Physicians are trained in such assessments. Moreover, such training allows physicians to point out the weakness and potential biases in observational studies and other less evidence based studies and show that many times the advertisement claims made of a product being “clinically proven” are at best a misrepresentation and more likely simply fraud.
Physicians prescribe medications after an assessment of risk and benefit in which in the judgment of the physician the benefit of the medication outweighs the potential risk of use. In the pursuit of the Non-Medicated Life, a similar careful weighing of the risk and benefits of the avoidance or discontinuation of medication is essential. Physicians are, therefore, very well suited to make this assessment and to discuss the assessment in detail with individuals under their care so a true informed consent during a change in treatment results.
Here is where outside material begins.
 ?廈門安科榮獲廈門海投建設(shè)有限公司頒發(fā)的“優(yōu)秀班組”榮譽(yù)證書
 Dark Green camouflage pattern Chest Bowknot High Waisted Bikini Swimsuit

Just as important as assessing potential risk and benefit, before deciding on avoidance of medication or discontinuation of medication, is measuring the response to the new treatment to ensure it is working as anticipated. Physicians routinely collect such metrics, whether it is measuring a weight for calculation of body mass index, measuring a blood pressure, measuring blood sugar, or measuring blood cholesterol. Such an ongoing numerical analysis allows an objective assessment of response that is essential to assuring all concerned that the avoidance or discontinuation of medication and the use of diet and lifestyle alone is safe. Moreover, in those who cannot completely avoid or discontinue a specific medication with diet and lifestyle change, such monitoring many times allows for a reduction in dose with a concomitant reduction or elimination of untoward side effects.
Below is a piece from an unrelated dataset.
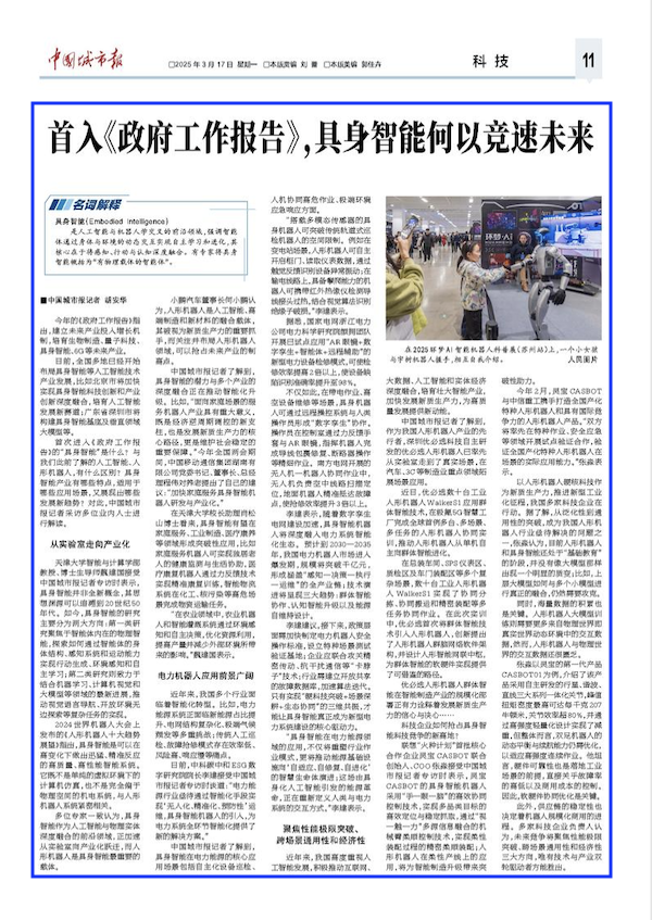 首次进入《政府工作报告》的“具身智能”是什么?与我们此前了解的人工智能、人形机器人,有什么区别?具身智能产业有哪些特点,适用于哪些应用场景,又展现出哪些发展新趋势?对此,中国城市报记者采访多位业内人士进行解读。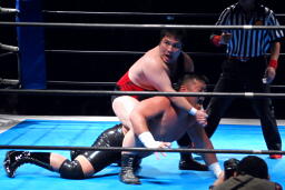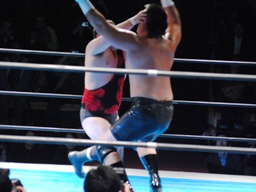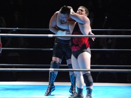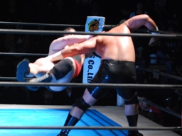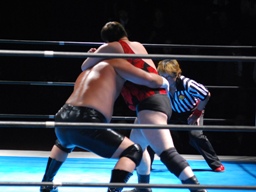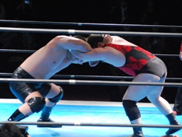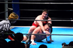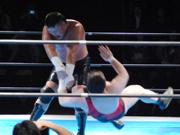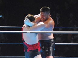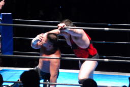 天山ガットショットからヘッドロック、アントンロープに振る、天山ショルダーブロック(右写真)。

Finally, physicians today look upon themselves as part of a healthcare team, acknowledging the important skill sets of nurses, nurse practitioners, physician’s assistants, psychologists, dietitians, acupuncturists, and exercise physiologists to help individuals make changes in diet, lifestyle and exercise. For example, while the physician may suggest that a two-gram per day sodium diet is desirable, helping an individual to understand how to accomplish this in the real world takes the special expertise of the dietitian. While a physician may suggest an individual burn 300 calories per day in exercise to help control body weight and triglyceride levels, an exercise physiologist can help an individual find the safest, most practical, and injury free way to proceed.
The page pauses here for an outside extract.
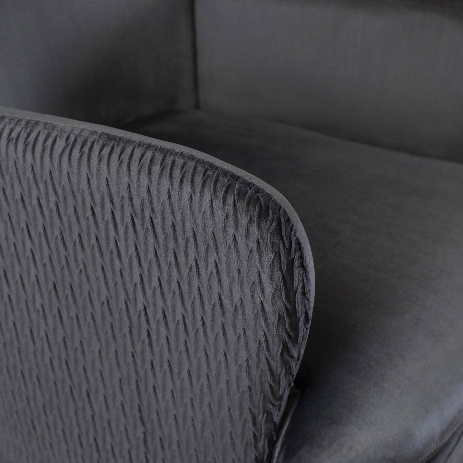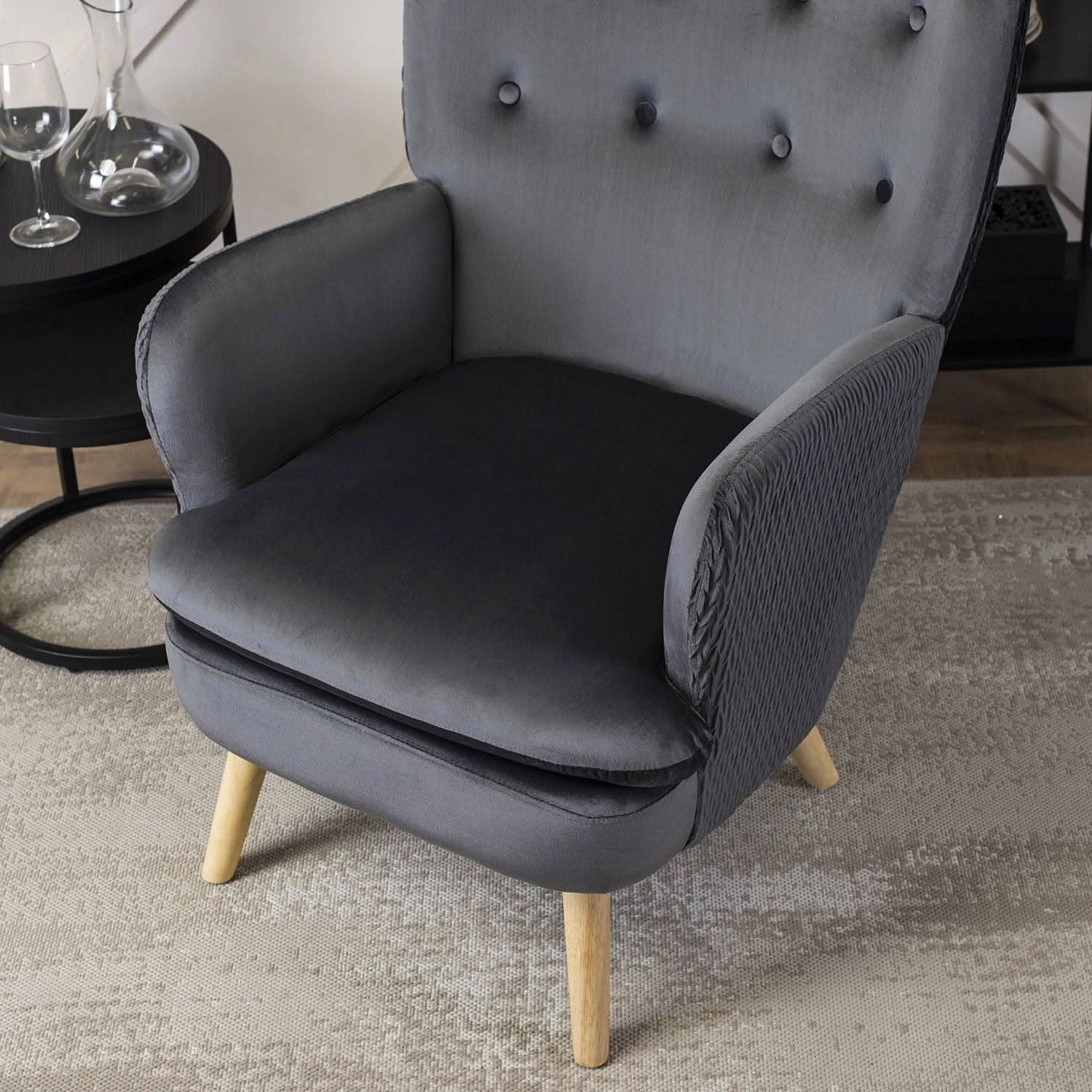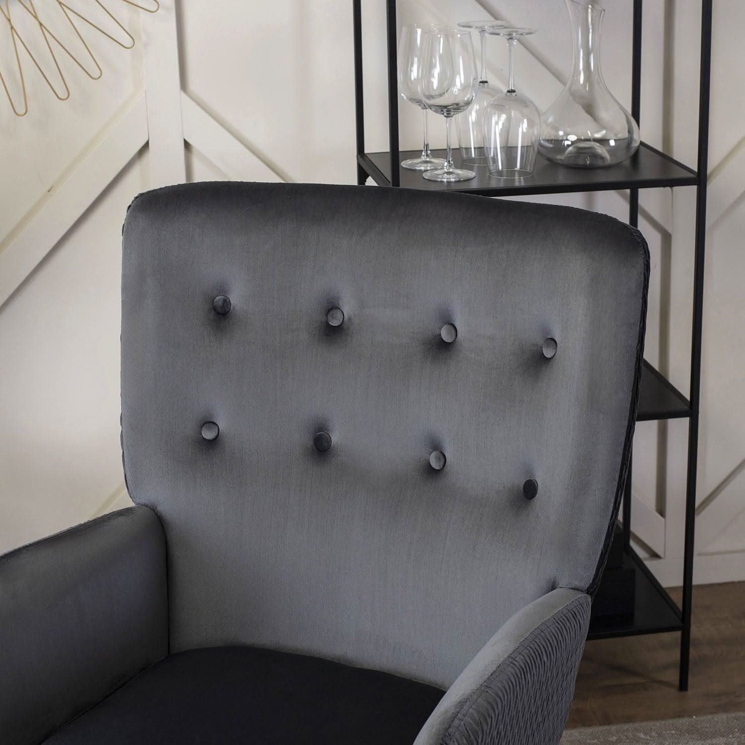 Fotelis dengtas malonia aksomine medžiaga, kuri ne tik atrodo elegantiškai, bet ir yra atspari dėvėjimuisi. Pilkas aksomas gražiai dera su audinio klostėmis ir subtiliomis sagutėmis, kurios papildo fotelio išvaizdą rafinuotais akcentais.

In summary, the pursuit of the Non-Medicated Life requires partnering with a healthcare provider with the right training and expertise, who can discuss the risk and benefits in the rational avoidance or discontinuation of medication and then monitor the results. Physicians with an interest in nutrition are well-suited for this role. Partnering with such a physician will potentially allow an individual to thus avoid the proverbial bottle of pills commonly used to address our most pressing health problems.
Paul E. Lemanski, MD, MS, FACP is a board certified internist with a master’s degree in human nutrition. He is director of the Center for Preventive Medicine of Paul E Lemanski MD PLLC. Paul is an assistant clinical professor of medicine at Albany Medical College and a fellow of the American College of Physicians.